▸ **Brief**
Every line in the data below from the one containing "Korunması gereken sistemler: Enerji" down to the one containing "Così lo scorso", both included, must be retyped exactly; no other line is to appear.

▸ **Data for the task**
____

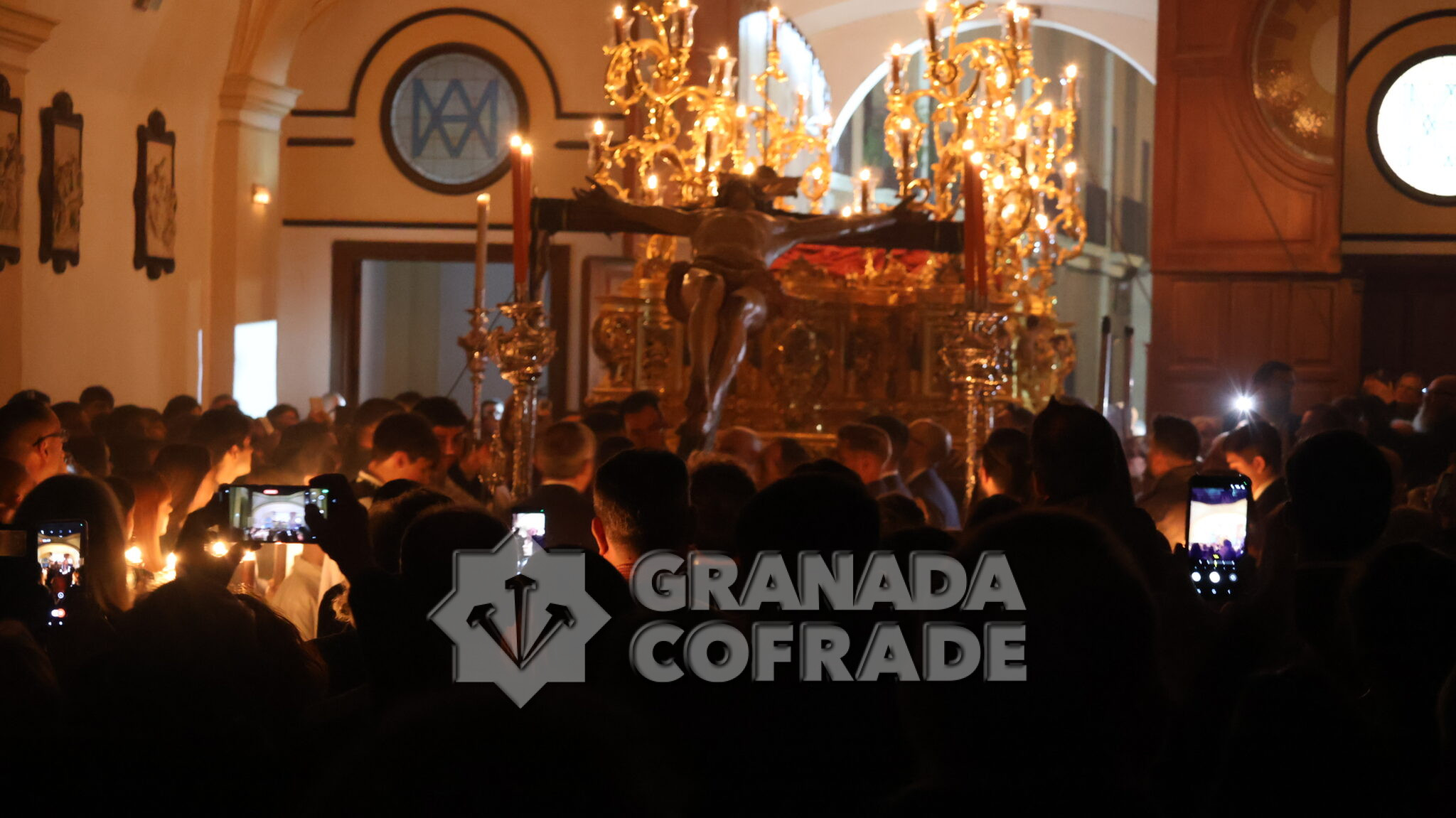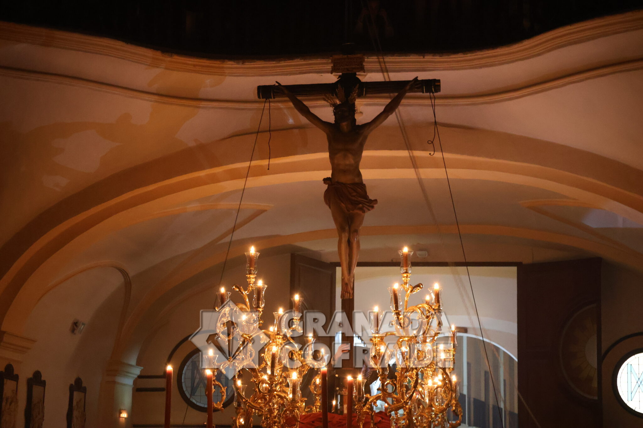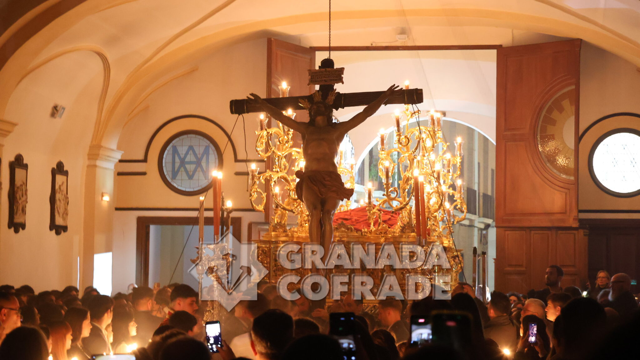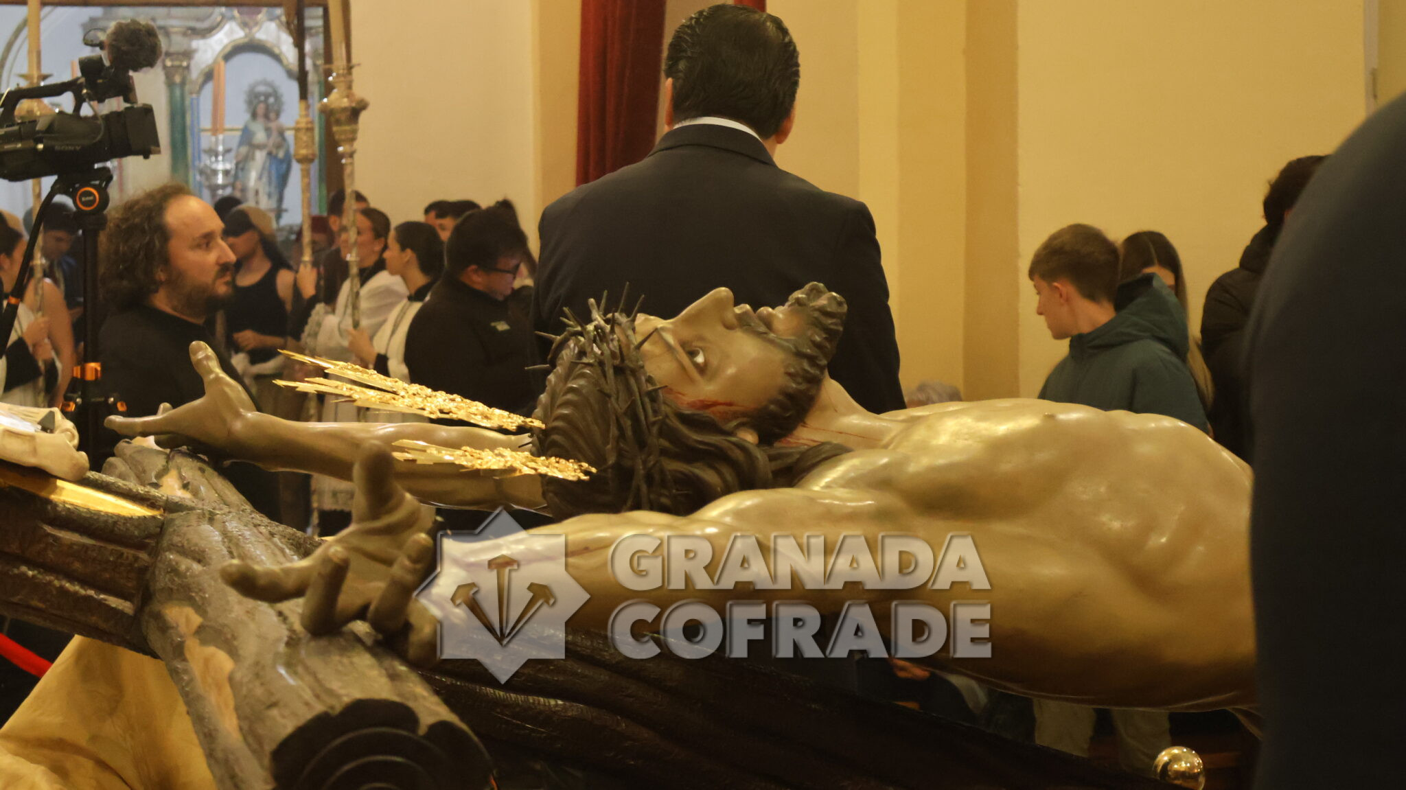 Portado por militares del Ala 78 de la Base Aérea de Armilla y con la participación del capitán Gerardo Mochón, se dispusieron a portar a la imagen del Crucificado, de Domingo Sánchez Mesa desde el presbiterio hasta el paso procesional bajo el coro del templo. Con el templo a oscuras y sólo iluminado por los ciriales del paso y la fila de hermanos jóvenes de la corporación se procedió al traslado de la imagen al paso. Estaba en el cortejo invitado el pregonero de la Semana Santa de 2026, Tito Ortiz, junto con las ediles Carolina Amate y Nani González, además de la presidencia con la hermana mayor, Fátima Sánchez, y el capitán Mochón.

____

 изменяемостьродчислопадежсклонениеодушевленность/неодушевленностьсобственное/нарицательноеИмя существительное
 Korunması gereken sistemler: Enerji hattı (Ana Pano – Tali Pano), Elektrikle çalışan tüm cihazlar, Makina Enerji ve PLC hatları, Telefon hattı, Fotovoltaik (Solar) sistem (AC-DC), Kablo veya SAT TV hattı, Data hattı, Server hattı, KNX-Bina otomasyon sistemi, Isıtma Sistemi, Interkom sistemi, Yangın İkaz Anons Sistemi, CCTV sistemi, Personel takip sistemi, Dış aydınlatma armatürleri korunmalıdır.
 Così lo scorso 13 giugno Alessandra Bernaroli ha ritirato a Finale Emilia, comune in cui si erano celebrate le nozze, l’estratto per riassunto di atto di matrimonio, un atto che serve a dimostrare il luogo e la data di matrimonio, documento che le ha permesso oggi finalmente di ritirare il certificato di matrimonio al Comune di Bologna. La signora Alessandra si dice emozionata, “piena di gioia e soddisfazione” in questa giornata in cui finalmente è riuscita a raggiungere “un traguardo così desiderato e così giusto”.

____

▸ **Solution to this task**
 Korunması gereken sistemler: Enerji hattı (Ana Pano – Tali Pano), Elektrikle çalışan tüm cihazlar, Makina Enerji ve PLC hatları, Telefon hattı, Fotovoltaik (Solar) sistem (AC-DC), Kablo veya SAT TV hattı, Data hattı, Server hattı, KNX-Bina otomasyon sistemi, Isıtma Sistemi, Interkom sistemi, Yangın İkaz Anons Sistemi, CCTV sistemi, Personel takip sistemi, Dış aydınlatma armatürleri korunmalıdır.
 Così lo scorso 13 giugno Alessandra Bernaroli ha ritirato a Finale Emilia, comune in cui si erano celebrate le nozze, l’estratto per riassunto di atto di matrimonio, un atto che serve a dimostrare il luogo e la data di matrimonio, documento che le ha permesso oggi finalmente di ritirare il certificato di matrimonio al Comune di Bologna. La signora Alessandra si dice emozionata, “piena di gioia e soddisfazione” in questa giornata in cui finalmente è riuscita a raggiungere “un traguardo così desiderato e così giusto”.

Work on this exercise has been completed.